В историографии существует мнение, согласно которому автор «Валаамской беседы» являлся приверженцем самодержавия. По словам И. И. Смирнова, автор «Беседы» «выступает как сторонник царской власти»{1492}. Однако, полагает И. И. Смирнов, точка зрения автора «Беседы» по вопросу о власти «не исчерпывается простым признанием необходимости царской власти. Автор выступает как сторонник самодержавной власти царя»{1493}. На той же позиции стоит и Г. Н. Моисеева, заявляя, будто «автор «Валаамской беседы» сторонник сильной, единодержавной власти московского царя, повелевающего своими «советниками»{1494}. Несколько иной взгляд у Л. В. Черепнина, по которому автор «Беседы» «является сторонником сословно-представительной монархии»{1495}. Что можно сказать по поводу этих суждений исследователей?

В «Валаамской беседе» действительно встречаются высказывания, позволяющие предположить в ее авторе человека, симпатизирующего самодержавной власти московских государей. Об этом, казалось бы, говорит развиваемая им идея божественного происхождения царской власти: «Богом бо вся свыше предана есть помазаннику царю и великому Богом избранному князю. Благоверным князем русским свыше всех дана есть Богом царю власть над всеми…»{1496}. Отсюда и название самодержец: «Бог повеле ему царствовати и мир воздержати [и управляти], и для того цареви в титлах пишутся самодержцы»{1497}. По убеждению составителя «Беседы», перекликающегося идейно с Иваном Пересветовым{1498}, «достоит царю грозному быти»{1499}. Обращаясь к русскому иночеству, он взывает: «Возлюбленнии отцы и драгая братия, покаряйтеся благоверным царем и великим князем русским радейте и во всем им прямите. И Бога за них молите, аки сама за себя и паче за себя, да таковыми ради молитвы и мы помиловани будем. И добра государем своим во всем хотите, и за их достоит животом своим помирати и главы покладати…»{1500}. Не следует, однако, чересчур доверчиво относиться к этим словам автора «Валаамской беседы» и принимать их за чистую монету. Вчитываясь в текст памятника, убеждаемся, что в нем не все так просто, как может показаться с первого взгляда.

Начнем с понятия самодержец. И тут уместно вспомнить Ивана Грозного, который говорил Андрею Курбскому: «Како же и самодержец наречется, аще не сам строит?»{1501}. И еще: «А Российское самодержавство изначала сами владеют своими государствы, а не боляреи вельможи»{1502}, «а се… нечестие, еже от Бога данные нам власти самем владети…»{1503}.

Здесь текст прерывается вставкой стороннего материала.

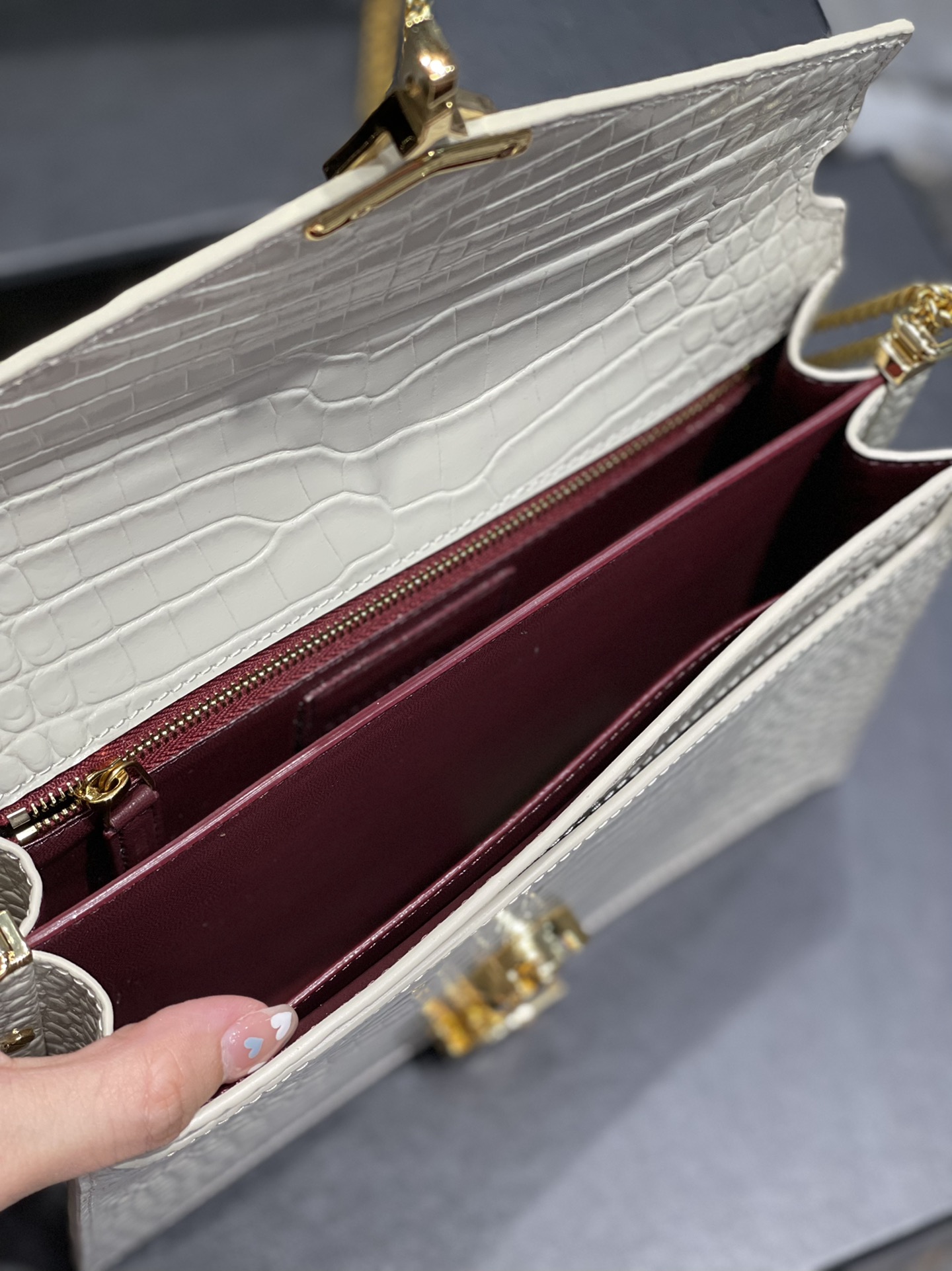 Saint Laurent Cassandra Medium Chain Bag White In Grain De Poudre Embossed For Women 8.6in/22cm YSL

Сопоставление этих положений царя Ивана, выдержанных в духе официальной доктрины о характере самодержавной власти, с высказываниями автора «Валаамской беседы», посвященными тому же предмету, обнаруживает как сходство, так и различие их позиций. Сходство заключается в признании ими божественного происхождения власти самодержца. Но затем идут различия, причем существенные. Само возникновение названия самодержец Иван Васильевич и сочинитель «Беседы Валаамских чудотворцев» объясняют по-разному. Если, согласно Ивану IV, самодержцем государь называется потому, что «сам строит», сам владеет властью и государством, а не бояре и вельможи, то, по автору «Беседы», цари «в титлах пишутся самодержцы» вследствие того, что Бог повелел им «царствовати и мир воздержати и управляти». Причем автор «Валаамской беседы» в этот раз не уточняет, самовластно ли должен «воздержати и управляти» царь или же вместе с вельможами. Но следом он начинает рассуждать о том, что царю предназначено данное ему Богом царство «воздержати» отнюдь «не собою», но в сообществе «с своими приятели с князи и з боляры»{1504}. О том, что это именно так, а не иначе надо понимать автора «Беседы», недвусмысленно свидетельствует его утверждение: «Не с ыноки Господь повелел царем царство и грады, и волости держати, и власть имети — с князи и з боляры, и с прочими миряны, а не с ыноки»{1505}. Этому утверждению созвучны другие слова, содержащиеся в «Беседе»: «А царем и великим князем достоит <…> всякие дела делати милосердно с своими князи и з боляры с протчими миряны, а не с ыноки»{1506}.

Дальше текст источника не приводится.